▶ _Collected material_:
-- -- --

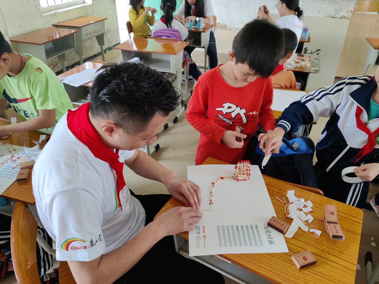 尚品宅配的志愿者们运用全屋整装定制公司优势,把空间的建筑概念带到了课堂。他们以火柴棒、热熔胶作为原材料,从房屋构建的角度出发,带领高年级的学生们搭建出一个个具有空间感的建筑。另一边的艺术家们,则以“美丽的家乡”为主题,引导学生们用色彩描绘出自己心中的家乡。
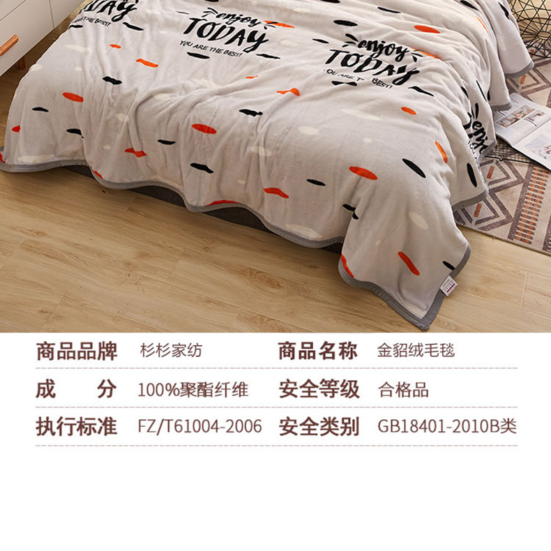 杉杉家纺 金貂绒毛毯 QFS-18413 规格180x200cm
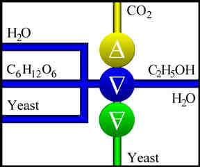 The fermentation process is summarized visually in Figure 4-2. This reactor, a fermenter, is symbolized by a stack of three circles, labeled by the alchemical symbols for air, water, and earth. This stack resembles a bottle, if you use a good bit of imagination, from which gas can escape at the top and solids can settle to the bottom. In the next section, we will use a 2-liter soft-drink bottle as a fermenter. The reactants, honey, water, and yeast enter from the left of the figure. The solid waste product, dead yeasts, exits the bottom of the figure from the circle labeled by the alchemical symbol for earth. The gaseous waste product, carbon dioxide, exits the top of the figure from the circle labeled by the alchemical symbol for air. The good stuff, the main product, a solution of ethanol in water, exits the right of the figure from the circle labeled by the alchemical symbol for water. You should familiarize yourself with these conventions, as similar schematics will be used throughout the book.

-- -- --

▶ _Aim of the task_: Please retype the listing above word for word, skipping each picture.

▶ _Exercise result_:
 尚品宅配的志愿者们运用全屋整装定制公司优势,把空间的建筑概念带到了课堂。他们以火柴棒、热熔胶作为原材料,从房屋构建的角度出发,带领高年级的学生们搭建出一个个具有空间感的建筑。另一边的艺术家们,则以“美丽的家乡”为主题,引导学生们用色彩描绘出自己心中的家乡。
 杉杉家纺 金貂绒毛毯 QFS-18413 规格180x200cm
 The fermentation process is summarized visually in Figure 4-2. This reactor, a fermenter, is symbolized by a stack of three circles, labeled by the alchemical symbols for air, water, and earth. This stack resembles a bottle, if you use a good bit of imagination, from which gas can escape at the top and solids can settle to the bottom. In the next section, we will use a 2-liter soft-drink bottle as a fermenter. The reactants, honey, water, and yeast enter from the left of the figure. The solid waste product, dead yeasts, exits the bottom of the figure from the circle labeled by the alchemical symbol for earth. The gaseous waste product, carbon dioxide, exits the top of the figure from the circle labeled by the alchemical symbol for air. The good stuff, the main product, a solution of ethanol in water, exits the right of the figure from the circle labeled by the alchemical symbol for water. You should familiarize yourself with these conventions, as similar schematics will be used throughout the book.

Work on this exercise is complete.